Each night I try to do some kind of writing or meditation exercise designed to end the night on an up-note. Lately it's been writing more often than meditating. And in the morning, I do find that on most days I look forward to the day. Each day does feel full of promise at 7:30 even if by 2:30, I'm a crankpot.

Today I decided I wanted something sweet, so I walked downtown to the new little joint in town that actually reminds me a bit of Petaluma, where we moved from. On my way there I ran into my chiropractor, who is in my age group, actually and one of the very few people I know in this town, and the source of my one good friend that I've made here. We exchanged nothing more than pleasantries, but it was nice to see a familiar face, and one who knows my name, nonetheless. Then I went into the cafe I set out for. I've been in there enough times that one of the owners knows me by sight and greets me warmly. We got to talking even, and had a really nice conversation and I left there realizing that even in this town where I feel so alien still, two people had just recognized and greeted me kindly. That raised my spirits. The "wonder bar" with ice cream that I bought didn't hurt either :)

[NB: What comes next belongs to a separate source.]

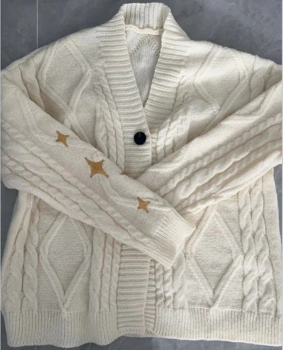 速やかに出荷し24かびとぶどうの紫カーディガンあばたの袖口刺繍星のねじりひもの同じセーター

I walked home, indulged in an episode of Sex and the City before returning to work on the notes for the class I'm teaching tomorrow.


I feel better today.

JPR

3 Comments:

At 6:01 AM, Blogger Myfanwy Collins said...

Soon you will be writing to tell us of the acceptance. I know this! :)

 
At 6:05 AM, Blogger Jim said...

It will happen, Jordan, and when it does, it will be the editor and publisher who are exactly right for your book.

 
At 10:55 AM, Blogger smart kitty said...

You're a person people will always be happy to see. Didn't that sound like a fortune cookie? Well, it's not. I made it up myself, and it's true.